Furthermore, these exercises are usually relatively boring despite their recognized efficacy. Thus, one may question the pertinence of such exercises for pre-pubertal schoolchildren. Indeed, children naturally prefer activities based on games that are often intermittent, short and more attractive than classical running [39]. In order to promote life-long physical activities, a broader base of physical education activities needs to be offered to reinforce the fact that it is not necessary for young people to be talented sports athletes but rather just to be active and healthy. While motor, cognitive, social, spiritual, cultural and moral developments are valid areas of learning, they can be inconsistent with maximizing participation in health-enhancing physical activities [32]. In this context, several studies have proposed game-based exercise programmes and have shown that shorter games as well as specific and integrated exercises may improve aerobic fitness through high-intensity stimulation (over 90% of maximal heart rate (HRmax)) [22].

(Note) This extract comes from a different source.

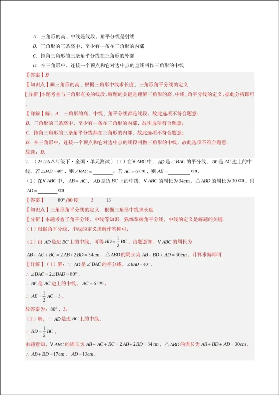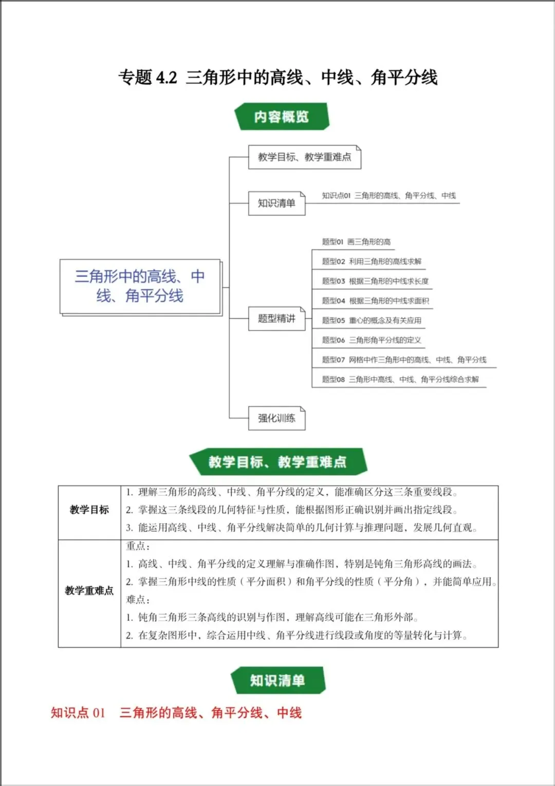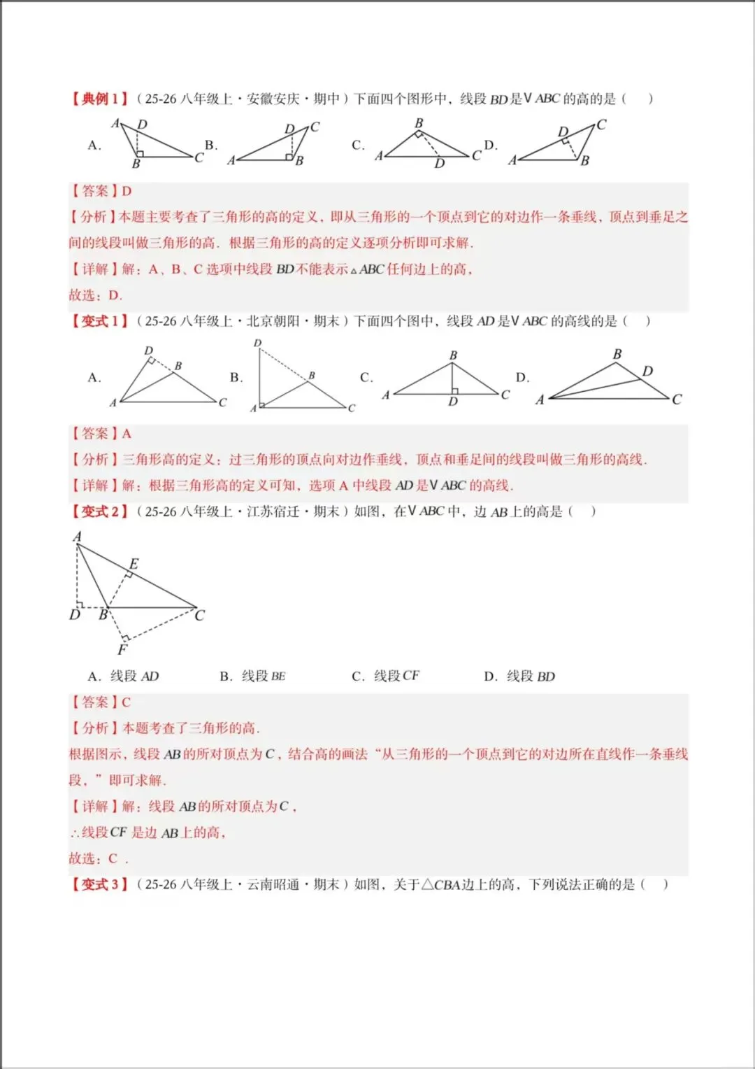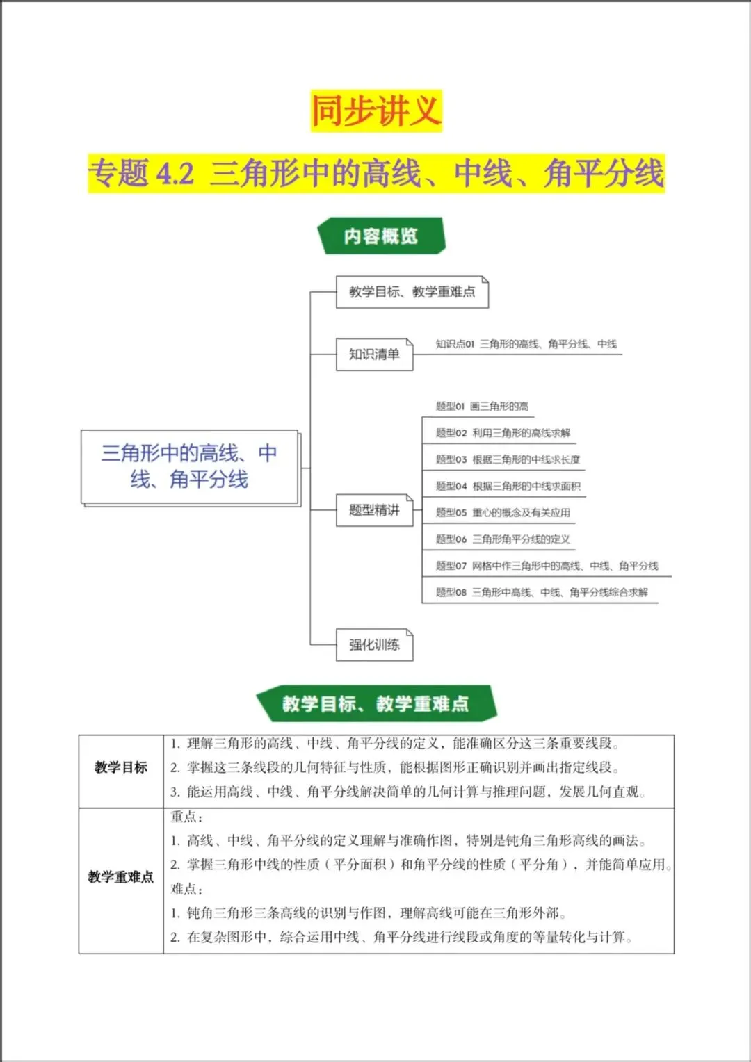 2026春新版教材【北师版】七年级下册〈数学〉同步讲义《三角形中的高线、中线、角平分线》知识清单+题型精讲,可下载打印!
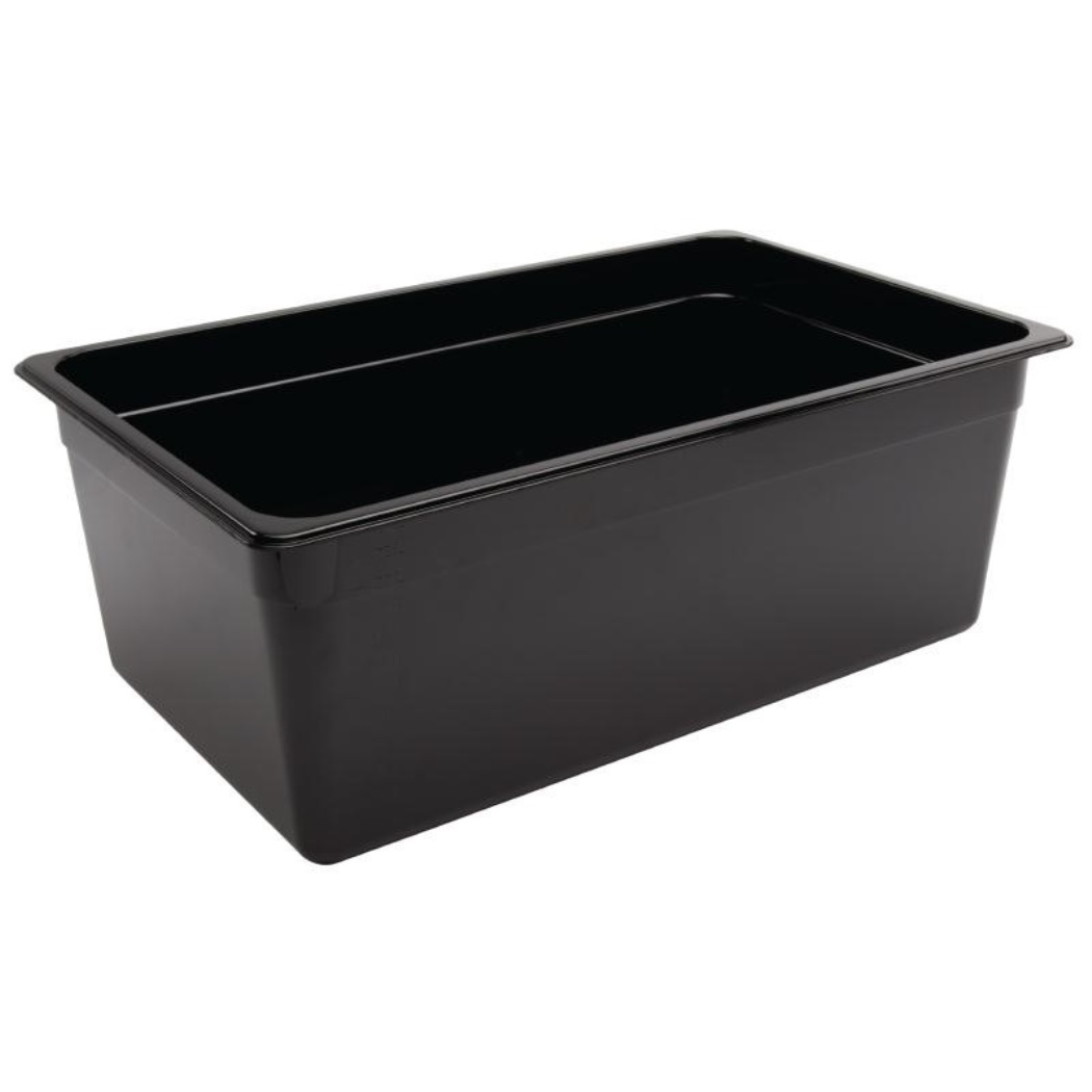 GN 1/1. Nero. 200mm di profondità. Contenuto: 25,6 litri Capacità: 25,6 litri

Additionally, it is interesting to note that exercises using shorter games in team sports such as soccer might be an excellent alternative to intermittent exercises and might develop aerobic capacity in addition to technical and tactical aspects [29]. Furthermore, even if this mode of exercising pattern is empirically practised at school by young pupils, to the best of our knowledge, no study has yet described cardiac responses, feeling, and effort perception during school games activities in order to objectively assess their possible usefulness as a means of cardiovascular stimulation in pre-pubertal children. There-fore, the aim of this study was then to measure the HR responses, the feeling, and the ratings of perceived exertion (RPE) during a lesson of games activity compared to those recorded during intermittent exercise used as a reference mode of exercise aimed at developing aerobic capacity.

MATERIALS AND METHODS

Subjects

Nineteen schoolboys (age: 11.3±0.6 years, height: 142.3± 3.4 cm and body mass: 35.4±5.6 kg) volunteered to participate in this study. Before beginning the protocol, all subjects underwent a complete medical check-up (heart rate, blood pressure, oxygen saturation, etc.) by an experienced paediatrician to eliminate any sick children or those suffering from any pathology. The same physician determined that children were in the pre-pubertal stage according to Tanner's method [33]. The children practised PA only at school, for a two-hour session each week. All subjects and their parents were informed about the nature and the experimental protocol before they signed written informed consent. The study protocol was approved by the ethical University committee and was designed in accordance with principles of the Helsinki Declaration of Human Rights.

Procedures

All subjects performed a 20-metre Shuttle Run Test (20-MST) to determine their maximal aerobic speed (MAS) [23]. The latter test was performed twice, with a one-week interval, in order to habituate the subjects to the test effort pattern. After performing the maximal test, in the next week's physical education lesson, the subjects randomly performed two types of training lasting 12 minutes each, as follows:

1. An intermittent running exercise consisting of 3 sets of 2 minutes of running at 100% of the MAS with 2 minutes of passive recovery in between, as a model of intermittent training sample;

2. A Tunisian traditional exercise game called “Raqassa” also played for 3 sets of 2 min with 2 min of passive recovery in between.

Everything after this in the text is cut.